As if opponents of Ohio’s seedy network of 800 Internet cafes did not already have enough ammunition in their arsenals to fire at state legislators, along comes an investigation that should seal the deal of doom on these unconstitutional sweepstakes parlors.

An Ohio newspaper probe revealed last week that most Ohio Internet cafes provided incomplete information to the state secretary of state’s office, and many of the businesses’ operators who could be identified have spotty financial backgrounds or criminal histories.

Now that regulations that some say would force Internet cafes out of business are likely for a vote in the Ohio House as early as this week, the new revelations should spur legislators to act quickly and decisively in support of House Bill 7. The bill, sponsored by Rep. Matt Huffman, a Lima Republican, would limit prize payouts at the sweepstakes parlors to $10 a day, a provision essentially intended to drive them out of business.

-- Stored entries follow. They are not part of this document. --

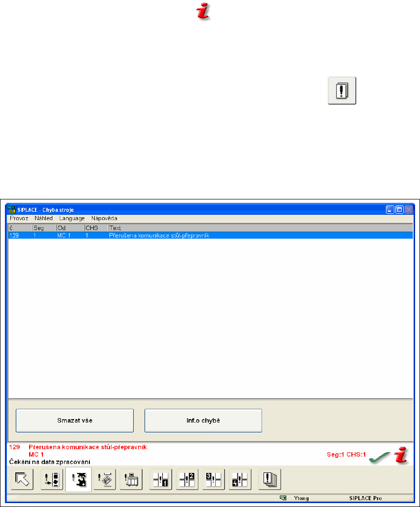 SIPLACE Návod pro software SR 604.xx 5 Úkoly na lince SIPLACE Vydání 06/2007 CZ 5.3 Zpracování informací o chyb ě 57 Æ Klikn ě te na tla č ítko Informace o chyb ě . Hlavní ok no Systému nápov ě dy s informacemi o aktuáln…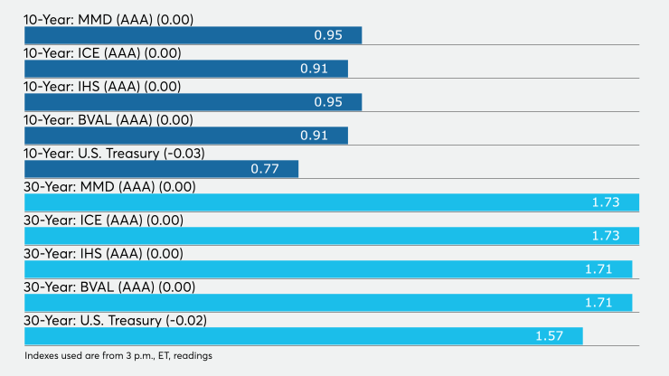 The BVAL AAA curve showed the yield on the 2021 maturity unchanged at 0.11%, the 2022 maturity unchanged at 0.13%, the 10-year flat at 0.91% and the 30-year steady at 1.71%.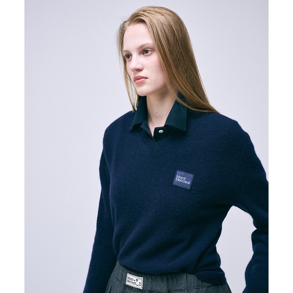 MARDI_RACCOON BLENDED V NECK SQUARE LOGO_NAVY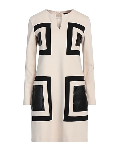flared dress, jersey, two-tone, coated fabric trims, crewneck, long sleeves, partially lined, zip fastening, stretch, dry clean, do not bleach, do not tumble dry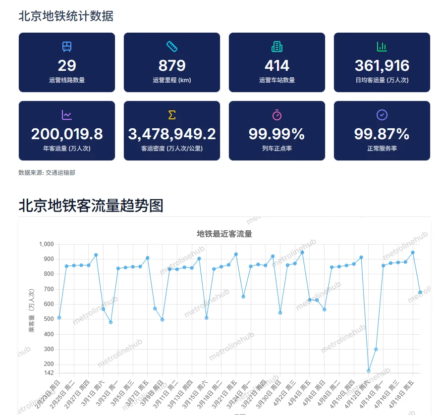 详情页面中最左边是地铁列表,右边则是相关数据,包含:线路图、流量趋势图、线路详情、运营信息以及地铁官方数据等:

A moratorium on new Internet cafes in Ohio expires June 30. Therefore it’s incumbent on the General Assembly to act expeditiously. Just in case anyone has forgotten, numerous other logical reasons explain why such extreme regulation is needed and needed now:

Internet cafes lack all consumer protections that regulated gambling offers. Cafe owners and employees are not subject to background checks, games aren’t checked for integrity and fairness, and there are no gaming taxes .

Internet cafes divert money from churches and fraternal organizations that operate bingo and other forms of legal gambling. These groups are strictly regulated and are required to give part of their proceeds to charity.

The operation of Internet cafes violates the Ohio Constitution, which specifically prohibits gambling except for those that are state-regulated, such as the Ohio Lottery, casinos and racinos.

Ohio Attorney General Mike DeWine, a longtime foe of storefront gambling, likens Internet cafe shenanigans to “The Wild, Wild West.” The Ohio General Assembly can best tame this out-of-control beast that preys on the poorest of Ohio’s population by adopting Huffman’s responsible legislation by the Easter recess.